Foreign relations exist between the Republic of Azerbaijan and the Kingdom of Spain. Both nations are members of the Council of Europe.

History 

Spain has had diplomatic relations with the Republic of Azerbaijan since February 11, 1992, shortly after its independence after the breakup of the Soviet Union.

On July 8, 1997 the President Heydar Aliyev and Foreign Minister Hasan Hasanov attended a NATO summit held in Madrid.

In 2003, foreign trade between Spain and Azerbaijan totaled $US 264.3 million during January–June 2003. $241.3 million was from the exportation from Azerbaijan to Spain of crude oil. $23 million worth of goods and services were imported from Spain.
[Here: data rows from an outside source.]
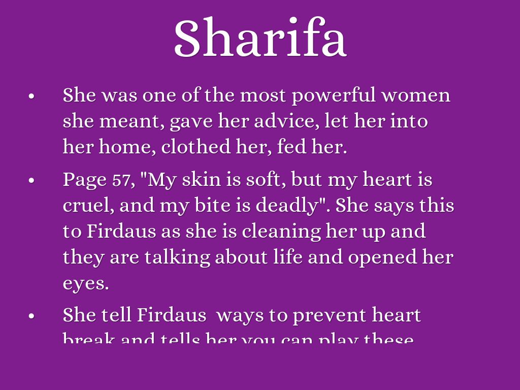 - Page 57, "My skin is soft, but my heart is cruel, and my bite is deadly". She says this to Firdaus as she is cleaning her up and they are talking about life and opened her eyes.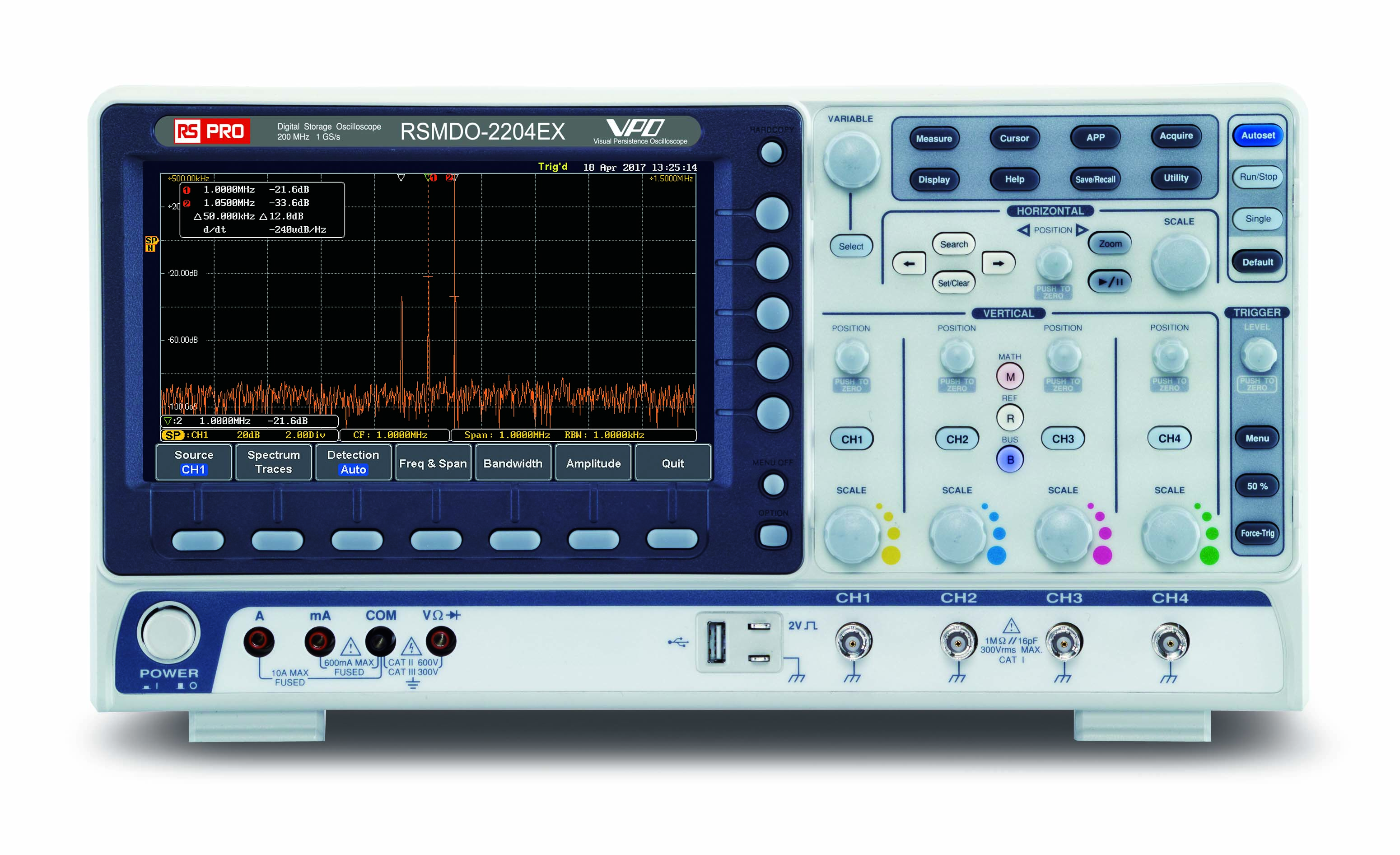 5. Oscyloskop mieszanych domen sygnałów 200MHz RS PRO Cyfrowa pamięć masowa CAT I 300V RSMDO-2204EX z kalibracją ISO CAN, 14827.59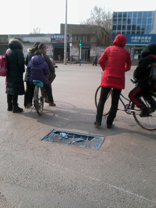 據(jù)李先生介紹,由于許多拉煤的大貨車都喜歡停靠緯六路并從此行經(jīng)至蔡新路,所以這個(gè)丁字路口負(fù)載的重型車輛較多,而長(zhǎng)此以往,窨井蓋當(dāng)然不堪重負(fù)。之前的那塊窨井蓋就被軋得不翼而飛,路面上露了個(gè)大窟窿,給過往車輛和行人帶來安全隱患!斑好,昨天電信公司的搶修人員來到此處,更換了一個(gè)新的窨井蓋,解除了這里的安全隱患,可沒想到,還不到24小時(shí),又被大貨車給軋壞了,看著真是讓人又氣又心疼!”說到此李先生也頗感無奈與無助,他希望通過本報(bào)能呼吁有關(guān)部門管管這里的車輛停靠情況,也希望電信部門能盡快修復(fù)此處,確保居民過一個(gè)平平安安的春節(jié)。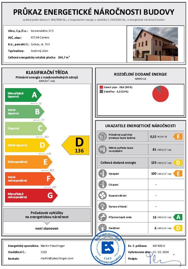 - Ukazatel energetické náročnosti budovy: 136 kWh/m²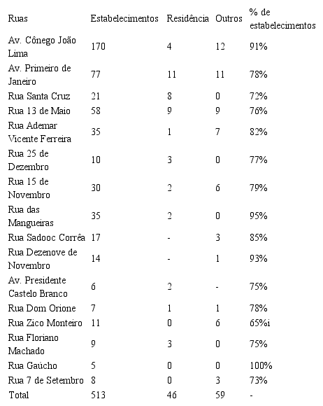 Na tabela 1 encontram-se as ruas (e seus trechos) que foram consideradas como fazendo parte do centro de Araguaína. Nelas foram contabilizados um total de 513 estabelecimentos comerciais e de serviços; 46 residências e 59 classificados como outros, que inclui unidades não identificadas e lotes vazios. As ruas que possuem maior taxa de uso produtivo são as Ruas Gaúcho (100%), Rua das Mangueiras (95%), Rua Dezenove de Novembro (93%) e Avenida Cônego João Lima (91%). Os altos índices que apresentam essas primeiras ruas se devem muito em função dos pequenos trechos selecionados, ao contrário da última, que de fato possui grande densidade econômica em todo seu trajeto.
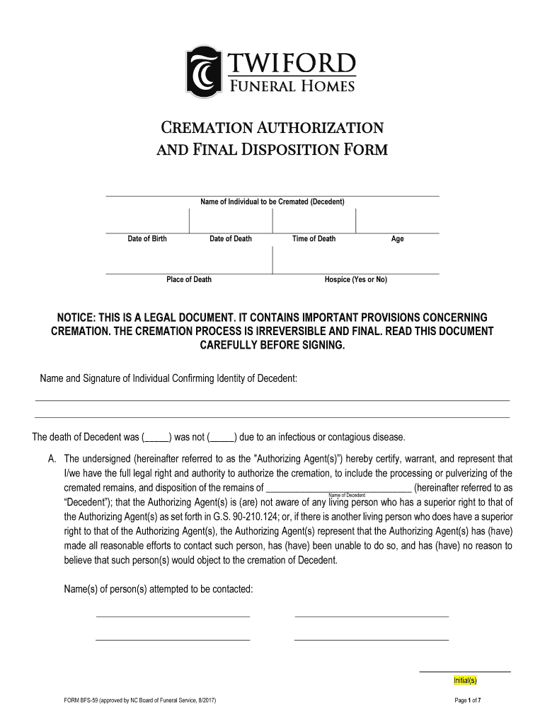 Cremation Authorization and Final Disposition Form Name of Individual to be Cremated (Decedent)Date of BirthDate of Deathlike of Birthplace of DeathAgeHospice (Yes or No)NOTICE: THIS IS A LEGAL DOCUMENT.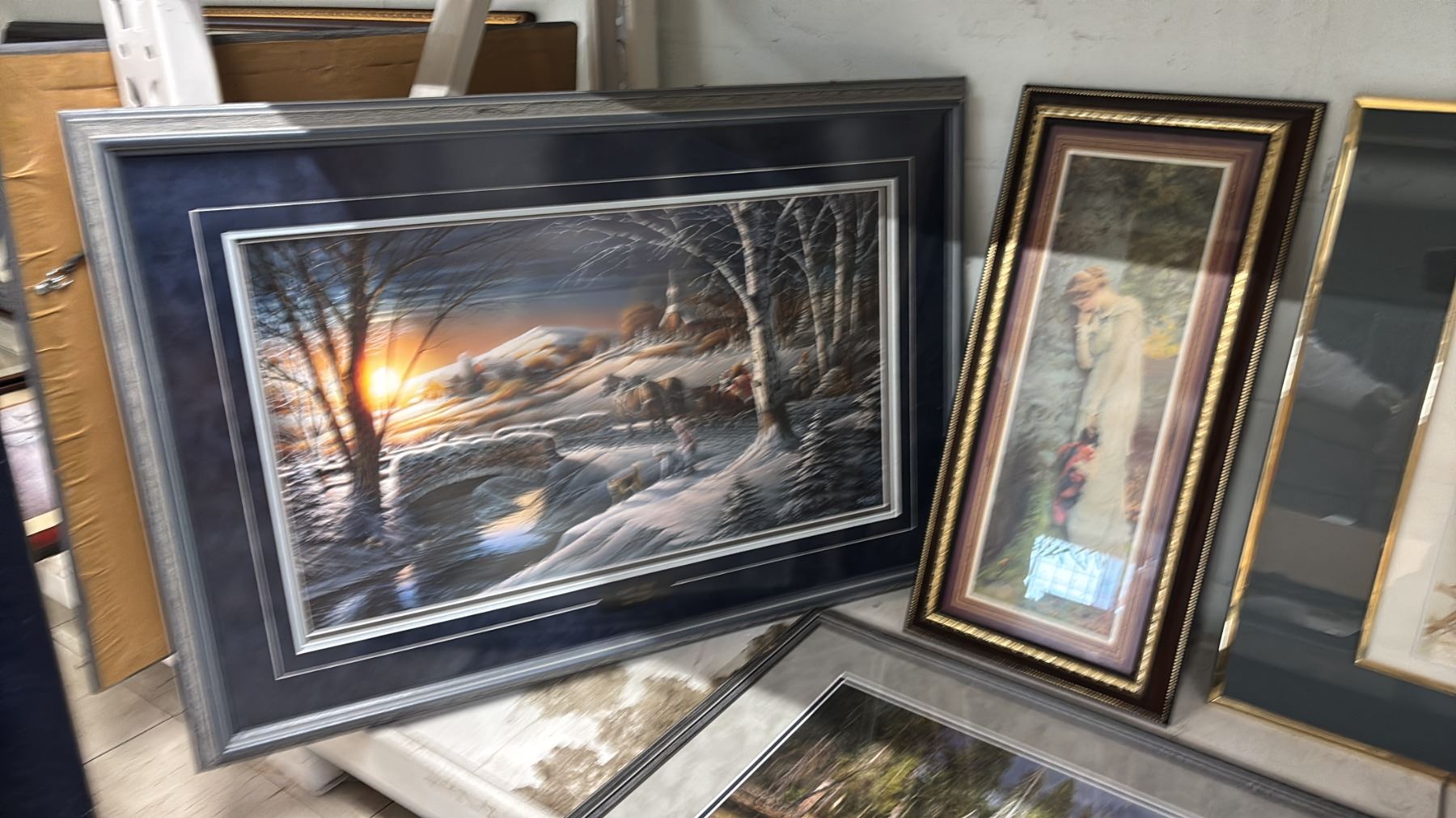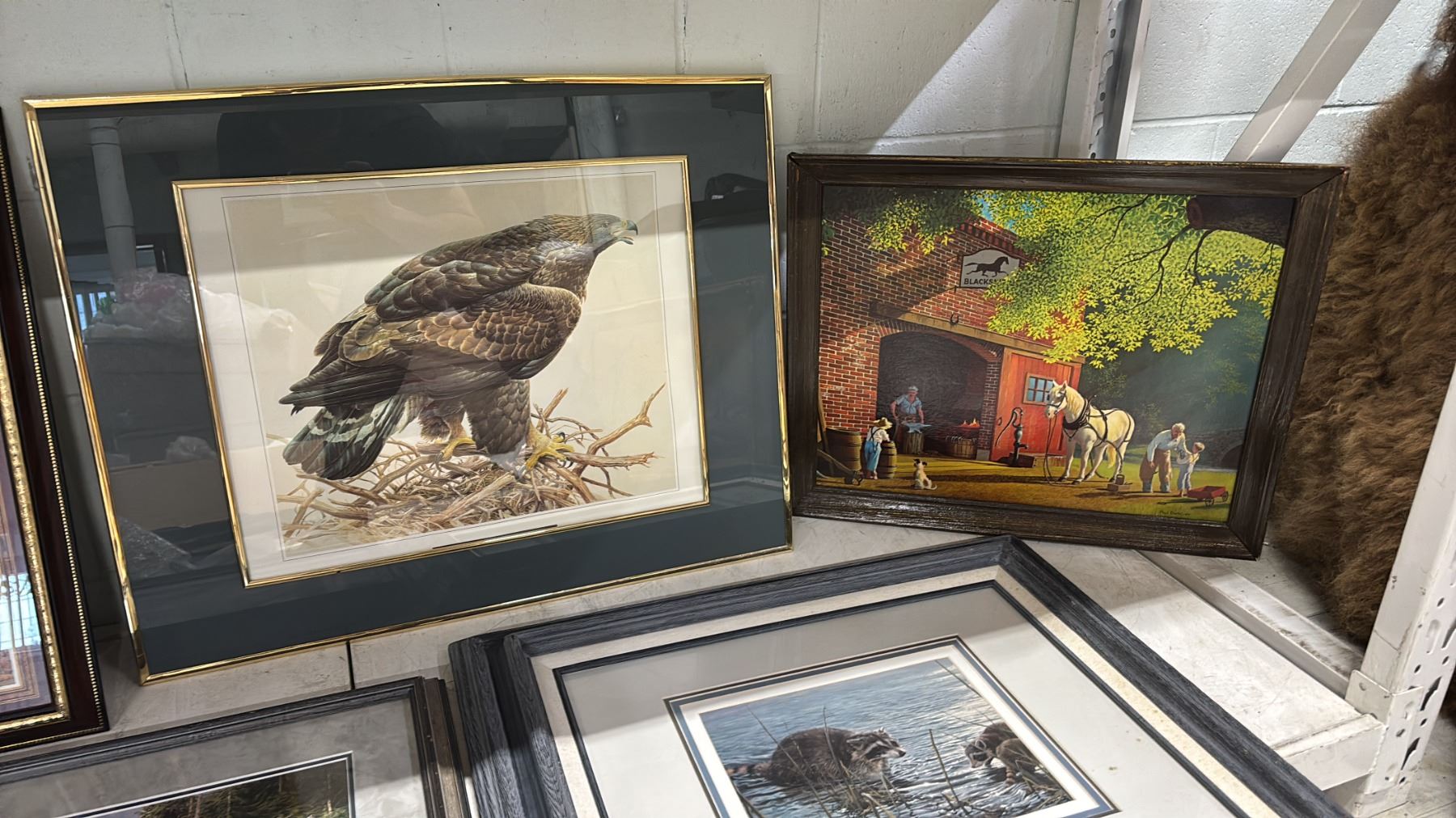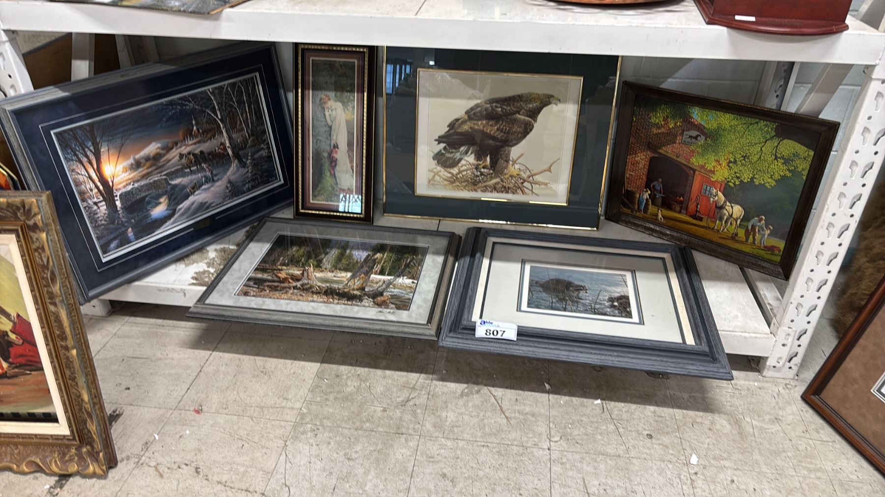 SHELF OF ASSORTED FRAMED PRINTS

The Spanish company Repsoil is involved in oil exploration in Azerbaijan.

In the end of 2005, Azerbaijan opened an embassy in Madrid.

As of 2005, there were two pending bilateral agreements between Azerbaijan awaiting signature : the Bilateral Agreement on the Promotion and Reciprocal Protection of Investments and the Convention on the Avoidance of Double Taxation.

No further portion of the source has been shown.